In 2014, I was not aware of interactive maps that displayed the geographical distribution of NEH funding. Since that time, other projects have created such maps, such as those of “historical organizations” produced by Engaging Places. Likewise, the Mellon-funded NEH for All project has mapped selected projects at the National Humanmities Alliance, have created user-friendly dynamic maps and case studies to demonstrate NEH impact to lawmakers and other decision makers according to various categories of impact. These projects offer appealing information for communicators, with appealing details, and they gather together detailed background research and talking points for advocates. Yet, it isn’t clear how much of the original NEH data is presented. So in this new phase of the project, six years later, the goal of creating a geographci interface is less urgent. Instead, I aim to explain some of the data curation processes involved in finding and using the humanities data, and as a second step to update the original mapping project as a case study to illustrate ways to transform and analyze humanities data.

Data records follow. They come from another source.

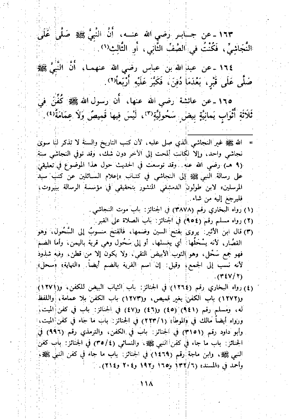 165 - عَنْ عَائِشَةَ رضي الله عنها: ((أَنَّ رَسُولَ اللَّهِ - صلى الله عليه وسلم - كُفِّنَ فِي أَثْوَابٍ بِيضٍ يَمَانِيَةٍ , لَيْسَ فِيهَا قَمِيصٌ وَلا عِمَامَةٌ)) . -[119]-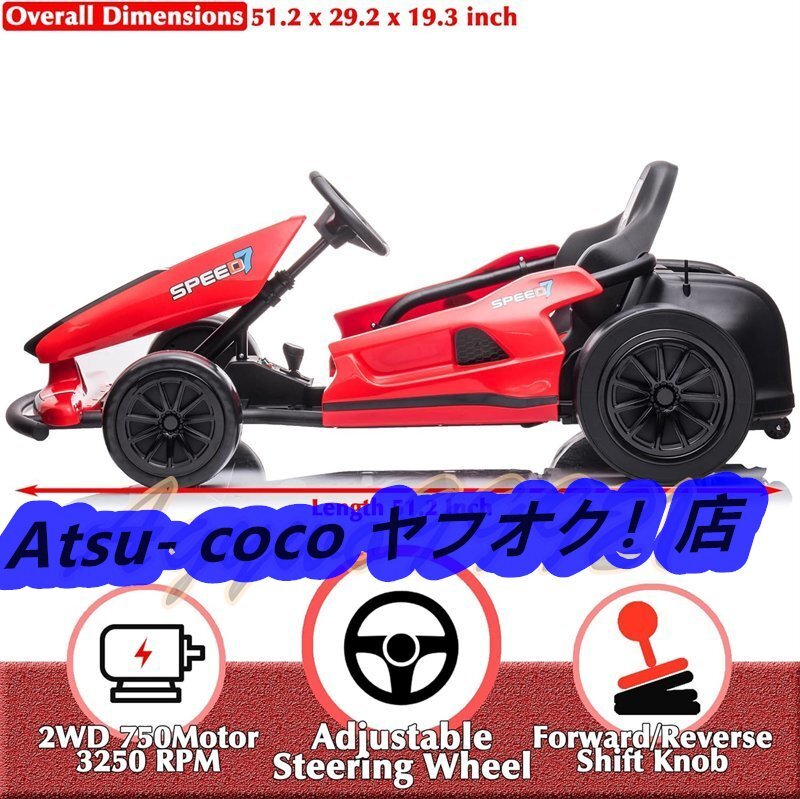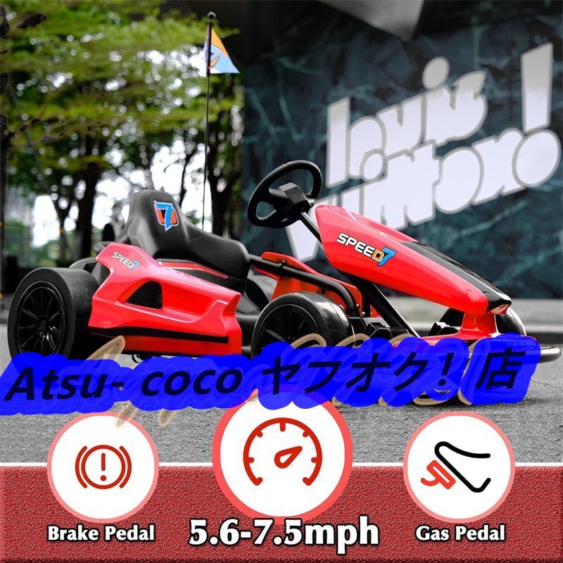 24V 電動ドリフトカート 7.5MPH 高速ゴーカート 子供用 6歳以上 バッテリー駆動 乗用車 おもちゃ 2WD 電動ゴーカート 音楽再生 レッド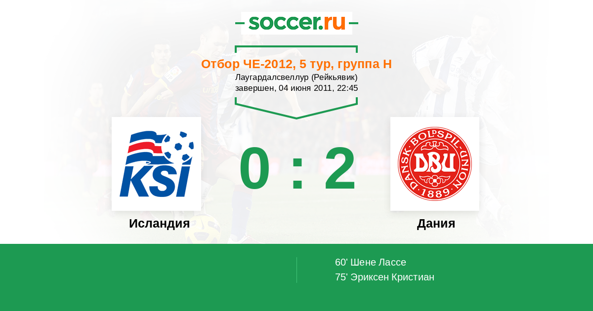 Протокол матча Исландия против Дания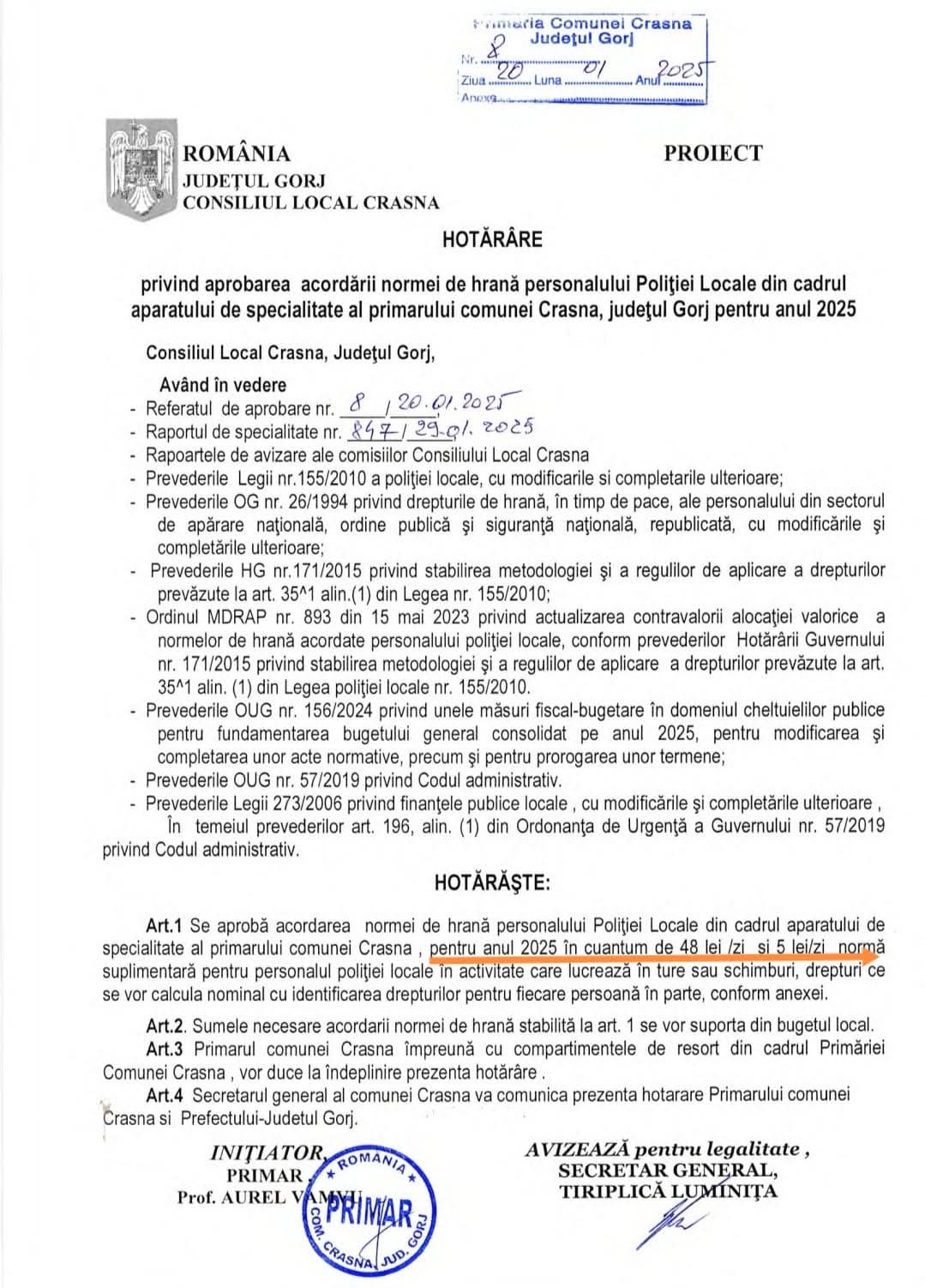Majorarea normei de hrană pentru polițiștii locali din Crasna, proiect aprobat de primarul comunei, Aurel Vamvu, nu a trecut de votul a șase consilieri care formează Opoziția din Consiliul Local. Primarul PSD ceruse ca norma de hrană să crească la 48 de lei/ zi și la 5 lei pentru polițiștii care lucrează în ture ori în schimburi. Șase consilieri nu au aprobat proiectul, printre ei fiind și unul de la AUR care ceruse desființarea Poliției Locale Crasna.
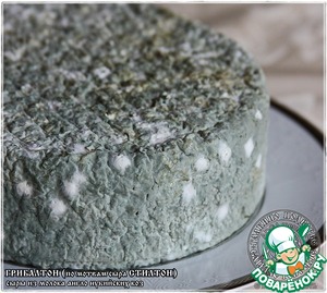 • Грибалтон (Стилтон) внутри себя пронизан вот такими тонкими голубыми прожилками плесени. Это результат деятельности тех самых бактерий Penicillium roqueforti. Именно для этого мы и прокалывали головки сыра для доставки воздуха к сердцевине.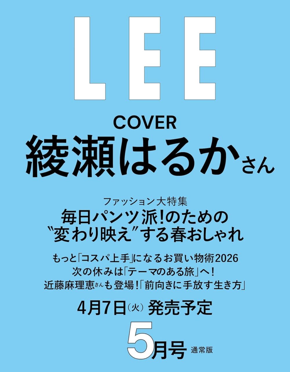 amazon.co.jp 【4/7発売】「LEE 2026年 5月号 特別版」表紙:目黒蓮(Snow Man) ポストする シェアする LINEで送る 更新日 : 2026年3月6日(金) LEE 集英社 月刊(毎月7日) 公式サイト 公式SNS ▼バックナンバー検索 Amazon 楽天ブックス 楽天市場 LEE(リー) 2026年 5月号 特別版 / 通常版【特別版】表紙目黒蓮(Snow Man)【通常版】表紙綾瀬はるかファッション大特集毎日パンツ派!のための“変わり映え”する春おしゃれ Amazonで見る楽天ブックスで見る楽天市場で見る 紙版を購入 販売期間や在庫状況により、リンク先のショップで購入できない場合があります。ご了承ください。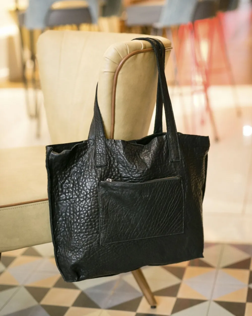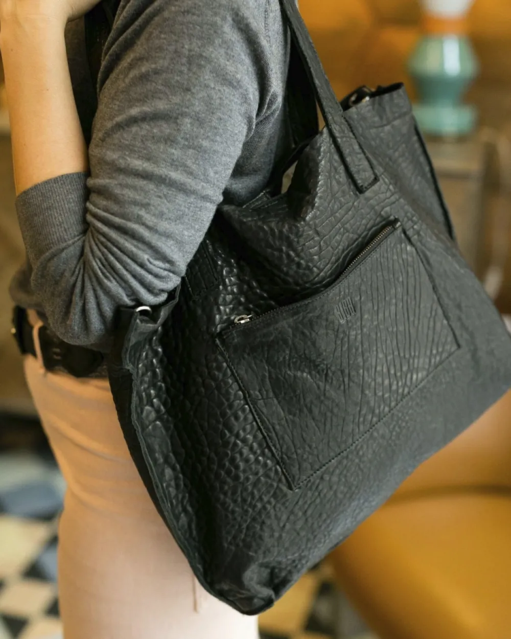 Bolso Shopper En Piel De Oveja Grabada Y 100% Ecologica. Dos Asas Y Bandolera Regulable Y Extraible. Bolsillo Delantero. Cierre De Cremallera. Referencia: Syl1L

And a final caveat about this humanities data project and its scope. A map of a grant recipient’s address does not necessarily show where cultural activity is taking place, or where there is a “humanities project”. For example, many of NEH’s funds go to state councils in each US state and territory, which then typically makes smaller grants around the state. Other projects support researchers who might go to a different place to do their project, such as a historian at a specific university who might travel to another community to visit an archive or gather information. So a geographical point is not a direct indicator, but it nonetheless offers a good starting point. So at least a few basic maps that show where award recipients are located can be a starting point in answering my intial question, how broadly has federal funding for the humanities been distributed across the country? For now, I will keep the scope on funds from the NEH, and focused on funds awarded to US states and territories.

Finding the data

The first step is to find the data. Many federal funders, including the NEH, NEA, and the Institute for Museum and Library Services (IMLS), provide data about their awards over the years. The IMLS, for example, provides a data catalog and state-by-state reports. NEA makes state-by-state information available in an interactive web interface, which summarizes funding information over time and highlights notable projects that have been supported in a place. NEH, meanwhile, has much less data available on its website. This is in part because the work on assessing the impact of the humanities has been outsourced to the Humanities Indicators project at the American Academy of Arts & Sciences. Most of that project’s information is available in static publications, rather than interactive visualizations on the web.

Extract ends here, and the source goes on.